A pilot who tries to stretch the glide by flattening the glide angle will actually decrease the glide distance. Maximum glide distance is achieved only at a minimum glide angle, and this occurs when the plane flies at (L/D)_max.

The Landing Approach

Many of the performance “V‐Speeds” discussed in Chapter 10 apply to the landing approach and deceleration after landing so they will not be discussed again here. The definitions below are not a complete listing of all the speeds that may be encountered, but include the more common terms used by both transport and nontransport category aircraft.

Approach Climb. The speed that gives the best climb performance in the approach configuration, with one engine inoperative, and maximum takeoff power on the operating engine(s), used for missed approach calculations to meet a minimum climb gradient.
Landing Climb. The speed giving the best performance in the full landing configuration (gear down) with maximum takeoff power on all engines, used for missed approach calculations to meet a minimum climb gradient.
Power‐off Stalling Speed ‐ V_S1 (specified configuration). The speed at which the aircraft is controllable in a specified configuration, published by the manufacturer.
Reference Speed ‐ V_REF. 1.3 times the stalling speed in the landing configuration, often the required speed at the 50 ft height above the threshold on the approach end of the runway (Fig. 11.5). Do not confuse with V_REF (Refusal Speed), sometimes used for takeoff.

A schematic diagram for FAR landing field length required. — Figure 11.5 FAR landing field length required.

U.S. Department of Transportation Federal Aviation Administration, *Airplane Flying Handbook*, 2004

Precision flying is required to ensure a stabilized steady flight path to touchdown. The approach speed specified for the weight of the aircraft is given in the pilot's handbook and provides a margin of safety above the minimum safe airspeed for the aircraft. The minimum airspeed may depend on the aircraft's stall speed, minimum control speed, or the speed at which $images$ .

A fairly long approach path allows the pilot to stabilize the variable quantities such as airspeed, glide slope, and drift. Once these are brought under control, a smooth flight path can be maintained and a minimum of control forces will be needed to make the actual landing. Steep turns should be avoided during the alignment of the aircraft with the runway. Steep turns increase the induced drag, increase the stall speed, and will bleed off the airspeed, possibly leading to a cross controlled stall. Once proper alignment to the runway has been established, only minor banking for drift corrections will be required.

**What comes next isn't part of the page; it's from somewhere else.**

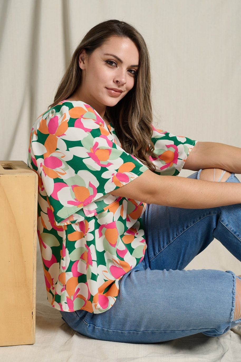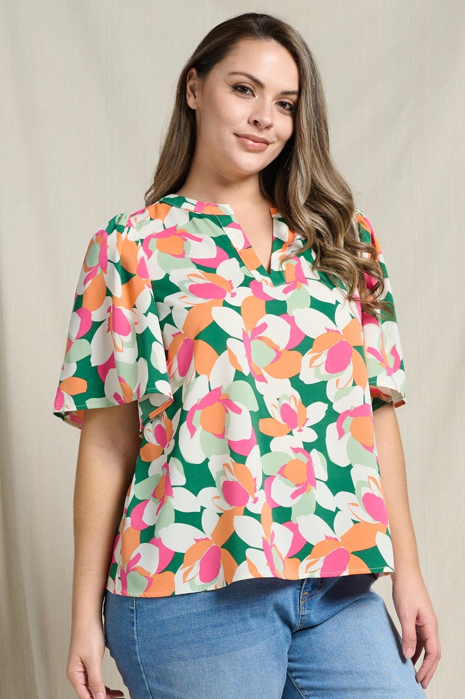 Abstract Floral Print Flutter Short Sleeve Blouse

The major preoccupation now becomes the approach glide path.

Various approach glide paths are shown in Fig. 11.6. Approach path A shows a steep, low‐power approach. Such an approach usually results from making the turn from the downwind leg too soon and not allowing for a long enough final approach aligned with the runway centerline. The pilot finds the plane too close to the touchdown point and at too high an altitude. There are three ways to correct this:

A schematic diagram with approach glide paths marked (a), (b), and (c). — Figure 11.6 Approach glide paths.

Cut the throttle and attempt to lose altitude rapidly. If the approach is made at idle throttle, the pilot must dive (or sideslip) the airplane to lose altitude.
Continue the normal approach and thus land long on the runway.
Execute a go‐around and make a new approach.

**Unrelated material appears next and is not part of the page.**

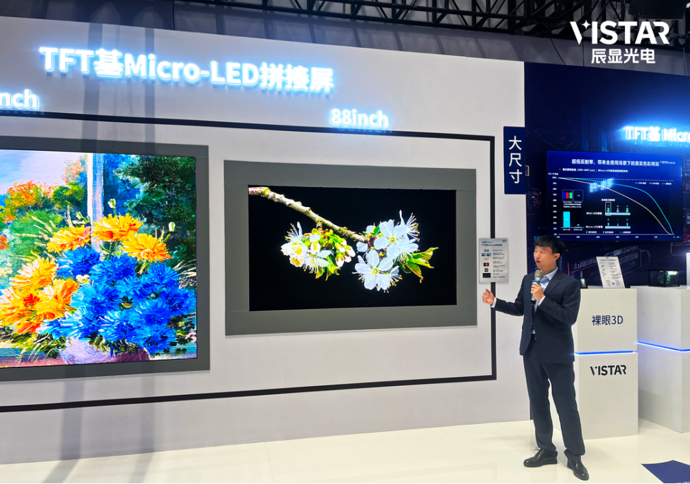 同日,辰顯光電還重磅發(fā)布了新一代88英寸P0.5TFT基Micro-LED拼接屏。該款產(chǎn)品支持10bit色深,可呈現(xiàn)高達(dá)10.7億種絢麗色彩,比傳統(tǒng)8bit屏幕提升256倍,色彩表現(xiàn)更鮮活、更逼真。搭載辰顯光電自主研發(fā)的Micro-LED專用驅(qū)動(dòng)IC,畫面流暢護(hù)眼,視覺更舒適。屏幕采用國(guó)際領(lǐng)先的25微米Micro-LED芯片,并通過(guò)頂尖的巨量轉(zhuǎn)移工藝,精確地將3300萬(wàn)顆LED完美拼接,實(shí)現(xiàn)了高達(dá)99.995%的良率。再加上DCI-P3 99%廣色域、2000nits峰值亮度、26000:1超高對(duì)比度和3%超低反射率,配合全球領(lǐng)先的混Bin技術(shù)2.0,畫面均勻性和色彩一致性達(dá)到巔峰,帶來(lái)前所未有的生動(dòng)、流暢和沉浸式視覺享受,重新定義了視覺體驗(yàn)的極限,為高端商顯市場(chǎng)和多場(chǎng)景應(yīng)用提供了更優(yōu)質(zhì)的解決方案。

The first way results in a high rate of descent and or an increase in airspeed. Pilots of light aircraft may not have difficulty in reducing the high rate of descent by either flaring the airplane or adding throttle. In either case the plane will probably make a hard landing or float for a distance. The high rate of descent is much more serious for heavier airplanes. Recovery involves more than merely pulling the nose up to flare the plane. Such a recovery technique will add greatly to the induced drag, but will provide little increase in lift. A large increase in thrust is required to overcome the high rate of descent. In some cases there is simply not enough thrust available and a hard, short landing results.

Landing long may succeed if the runway is long enough. However, the third way—making a go‐around—is recommended. Although it may be hard on pilot ego, it is easy on the airplane. If the approach is not properly lined up on final approach, it is certainly better to perform a go‐around rather than to “press on” and hope to salvage a good landing from a poor approach. A poor approach usually leads to a poor landing.

Approach path C in Fig. 11.6 shows a long, shallow approach. This is a result of getting too low during the approach and then having to “drag it in” using high thrust and high AOA. Such approaches may be successful in propeller aircraft, but they should be avoided in all airplanes, especially turbojets. Propeller aircraft derive much more lift at high power settings due to the air being blown over the wing area behind the propellers, as shown in Fig. 11.7a.

Two schematic diagrams for lift from (a) propellers and (b) turbojets. — Figure 11.7 Lift from (a) propellers and (b) turbojets.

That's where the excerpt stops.